Member of the New Hampshire House of Representatives
- In office December 1, 2004 – October 13, 2010
- Preceded by: Edward "Ned" Densmore
- Succeeded by: Paul Mirski Charles E. Sova
- Constituency: Grafton 10th
- In office December 5, 2012 – June 4, 2014
- Preceded by: District established
- Succeeded by: Stephen Darrow
- Constituency: Grafton 17th

Personal details
- Born: June 1940 (age 86) England
- Party: Democratic
- Education: Somerville College, Oxford; UCL School of Slavonic and East European Studies;
- Occupation: Financial consultant; politician;

= Catherine Mulholland =

American politician (born 1940)

Catherine Mulholland (née Turner; born June 1940) is an English American former politician and financial consultant. She was a member of the New Hampshire House of Representatives from Grafton County, who first represented the 10th district from 2004 to 2010, then the 17th district from 2012 to 2014.

She is the former elected chair of the three-person board of Trustees of the Trust Funds of the town of Grafton, New Hampshire.

==Education==
Mulholland matriculated at Somerville College, Oxford, in 1959. She has received master's degrees from the University of Oxford and from the University College London School of Slavonic and East European Studies.

==Career==
Mulholland worked as a financial consultant. She first ran for election to the New Hampshire House of Representatives for the Grafton 10th district in 2004. She received the most votes in the Democratic primary election and the third-most votes in the 2004 general election. She won the final seat for the three-member district in the election. She was re-elected in 2006 and received the second-most votes in the primary and the most in the general election. In 2008, she received the third-most votes in the primary and general elections. In 2009, Mulholland incurred the highest amount of expenses among Grafton County's delegation in the New Hampshire House of Representatives. She received the third-most votes in the Democratic primary elections for the Grafton 10th district in 2010, but lost in the general election. She lost after having received the fifth-most votes in the general election of six candidates.
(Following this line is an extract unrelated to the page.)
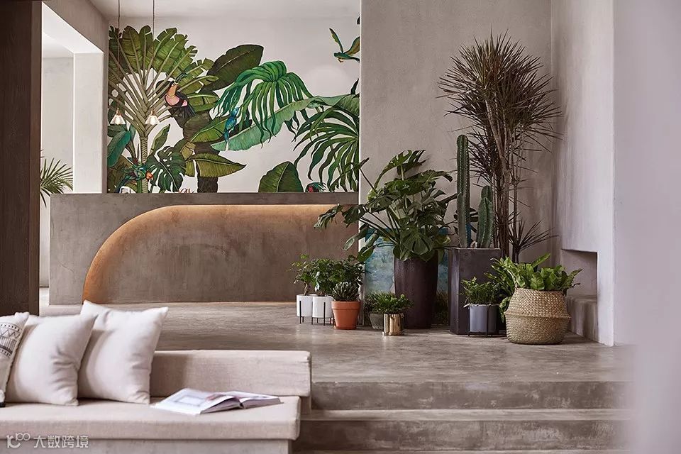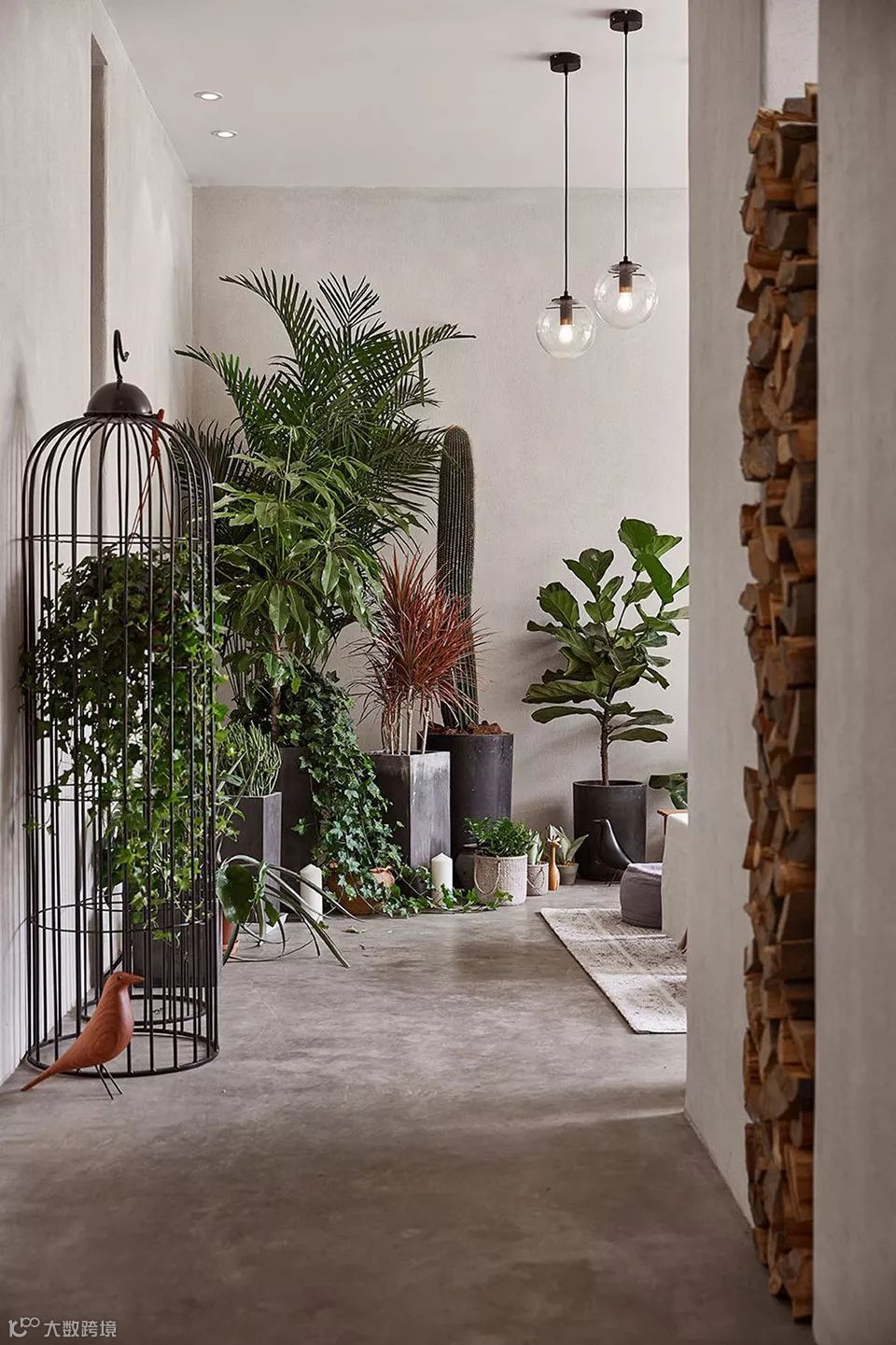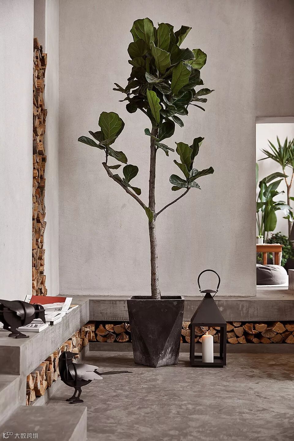 植物的生长悄无声息,每一寸枝丫的形态都随心所欲,与方正笔直的室内线条形成鲜明的对比,“野”“奢”碰撞,妙趣横生。

Mulholland ran again for a seat in the New Hampshire House of Representatives in 2012, this time for the Grafton 17th district. She won 73.7% of the votes in the Democratic party primary election and won the general election with 53.2% of the vote against Paul H. Simard. She opposed Senate Bill 126, known as the New Hampshire Dealers Bill of Rights, and said it "would not just level the playing field, but tip it violently in favor of the dealers." She ran for re-election from the same district in 2014, and won the Democratic party primary but lost the general election to Stephen Darrow. In 2015, she backed Martin O'Malley in the 2016 Democratic Party presidential primaries. She ran against Darrow a second time in 2016, but again lost the general election.

She ran for the Grafton 9th district in 2018, and received the most votes in the Democratic primary election, but received the third-most votes in the general election for the two-member district. Mulholland ran for the same district in 2020. She received the most votes in the primary for the district, receiving 645 votes over Carolyn Fluehr-Lobban's 435 votes and Richard Lobban's 278 votes. However, she lost the general election, receiving the third-most votes with Lex Berezhny and Ned Gordon going on to represent the district.

Mulholland most recently ran for the Grafton 10th district in 2022 and was endorsed by the New Hampshire AFL-CIO. She won the Democratic party primary election without opposition, but lost the general election to Lex Berezhny.

==Political positions==
While in the New Hampshire House of Representatives, she sought to revive the soda tax that had been proposed in 2010.

While a candidate for office in 2020, Mulholland indicated she supported the legalization of non-medical cannabis to lower the costs of law enforcement, prison populations, and provide additional revenue to the state. She also advocated for increased access to police misconduct reports, for phasing out fossil fuels, for compulsory voting in the United States and said she prefers "to see the adoption of the Australian model".

==2024 incident==
On April 27, 2024, the Lebanon Police Department responded to an "incident at Tractor Supply involving animal cruelty". A Tractor Supply employee called the police reporting an incident of animal cruelty on the premises. Upon further investigation it was determined that "Catherine Mulholland, age 83, of Grafton, NH, reportedly kicked her dogs while inside the store." She told officers that she kicked her dogs to break up an alleged fight between them. However, witnesses also reported that she expressed intentions to shoot her dogs and threatened to shoot an employee who tried to intervene. The dogs were observed to be malnourished, had patchy fur, and "had feces matted into their fur". Her dogs ended up being transferred to the Upper Valley Humane Society.

Mulholland was charged with four counts of cruelty to animals and neglect and one count of criminal threatening. Both charges are misdemeanors. Mulholland was released from jail on a personal recognizance bail and scheduled for a 2nd Circuit Lebanon District Court date of June 10, 2024.